RNA levers and switches controlling viral gene expression.

RNA viruses are diverse and abundant pathogens that are responsible for numerous human diseases. RNA viruses possess relatively compact genomes and have therefore evolved multiple mechanisms to maximize their coding capacities, often by encoding overlapping reading frames. These reading frames are then decoded by mechanisms such as alternative splicing and ribosomal frameshifting to produce multiple distinct proteins. These solutions are enabled by the ability of the RNA genome to fold into 3D structures that can mimic cellular RNAs, hijack host proteins, and expose or occlude regulatory protein-binding motifs to ultimately control key process in the viral life cycle. We highlight recent findings focusing on less conventional mechanisms of gene expression and new discoveries on the role of RNA structures.

Web-based platform for analysis of RNA folding from high throughput chemical probing data.

RNA structures play critical roles in regulating gene expression across all domains of life and viruses. Chemical probing methods coupled with massively parallel sequencing have revolutionized the RNA structure field by enabling the assessment of many structures in their native, physiological context. Previously, we developed Dimethyl-Sulfate-based Mutational Profiling and Sequencing (DMS-MaPseq), which uses DMS to label the Watson-Crick face of open and accessible adenine and cytosine bases in the RNA. We used this approach to determine the genome-wide structures of HIV-1 and SARS-CoV-2 in infected cells, which permitted uncovering new biology and identifying therapeutic targets. Due to the simplicity and ease of the experimental procedure, DMS-MaPseq has been adopted by labs worldwide. However, bioinformatic analysis remains a substantial hurdle for labs that often lack the necessary infrastructure and computational expertise. Here we present a modern web-based interface that automates the analysis of chemical probing profiles from raw sequencing files (http://rnadreem.org). The availability of a simple web-based platform for DMS-MaPseq analysis will dramatically expand studies of RNA structure and aid in the design of structure-based therapeutics.

The Cas10 nuclease activity relieves host dormancy to facilitate spacer acquisition and retention during type III-A CRISPR immunity.

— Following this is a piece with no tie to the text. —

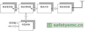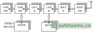 中頻調製發射機的方框圖如圖2所suo示shi。信xin碼ma經jing過guo碼ma型xing變bian換huan後hou,在zai中zhong頻pin調tiao製zhi器qi中zhong進jin行xing調tiao製zhi,獲huo得de中zhong頻pin調tiao製zhi信xin號hao,然ran後hou經jing過guo功gong率lv中zhong放fang,把ba這zhe個ge己ji調tiao信xin號hao放fang大da到dao上shang變bian頻pin器qi要yao求qiu的de功gong率lv電dian平ping。上shang變bian頻pin器qi把ba它ta變bian換huan為wei微wei波bo調tiao製zhi信xin號hao,再zai經jing微wei波bo功gong率lv放fang大da器qi放fang大da到dao所suo需xu的de輸shu出chu功gong率lv電dian平ping,最zui後hou經jing微wei波bo濾lv波bo器qi輸shu出chu饋kui送song到dao天tian線xian,由you發fa射she天tian線xian將jiang信xin號hao送song出chu。

A hallmark of CRISPR immunity is the acquisition of short viral DNA sequences, known as spacers, that are transcribed into guide RNAs to recognize complementary sequences. The staphylococcal type III-A CRISPR-Cas system uses guide RNAs to locate viral transcripts and start a response that displays two mechanisms of immunity. When immunity is triggered by an early-expressed phage RNA, degradation of viral ssDNA can cure the host from infection. In contrast, when the RNA guide targets a late-expressed transcript, defense requires the activity of Csm6, a non-specific RNase. Here we show that Csm6 triggers a growth arrest of the host that provides immunity at the population level which hinders viral propagation to allow the replication of non-infected cells. We demonstrate that this mechanism leads to defense against not only the target phage but also other viruses present in the population that fail to replicate in the arrested cells. On the other hand, dormancy limits the acquisition and retention of spacers that trigger it. We found that the ssDNase activity of type III-A systems is required for the re-growth of a subset of the arrested cells, presumably through the degradation of the phage DNA, ending target transcription and inactivating the immune response. Altogether, our work reveals a built-in mechanism within type III-A CRISPR-Cas systems that allows the exit from dormancy needed for the subsistence of spacers that provide broad-spectrum immunity.

The human mitochondrial mRNA structurome reveals mechanisms of gene expression.

The mammalian mitochondrial genome encodes thirteen oxidative phosphorylation system proteins, crucial in aerobic energy transduction. These proteins are translated from 9 monocistronic and 2 bicistronic transcripts, whose native structures remain unexplored, leaving fundamental molecular determinants of mitochondrial gene expression unknown. To address this gap, we developed a mitoDMS-MaPseq approach and used DREEM clustering to resolve the native human mitochondrial mt-mRNA structurome. We gained insights into mt-mRNA biology and translation regulatory mechanisms, including a unique programmed ribosomal frameshifting for the ATP8/ATP6 transcript. Furthermore, absence of the mt-mRNA maintenance factor LRPPRC led to a mitochondrial transcriptome structured differently, with specific mRNA regions exhibiting increased or decreased structuredness. This highlights the role of LRPPRC in maintaining mRNA folding to promote mt-mRNA stabilization and efficient translation. In conclusion, our mt-mRNA folding maps reveal novel mitochondrial gene expression mechanisms, serving as a detailed reference and tool for studying them in different physiological and pathological contexts.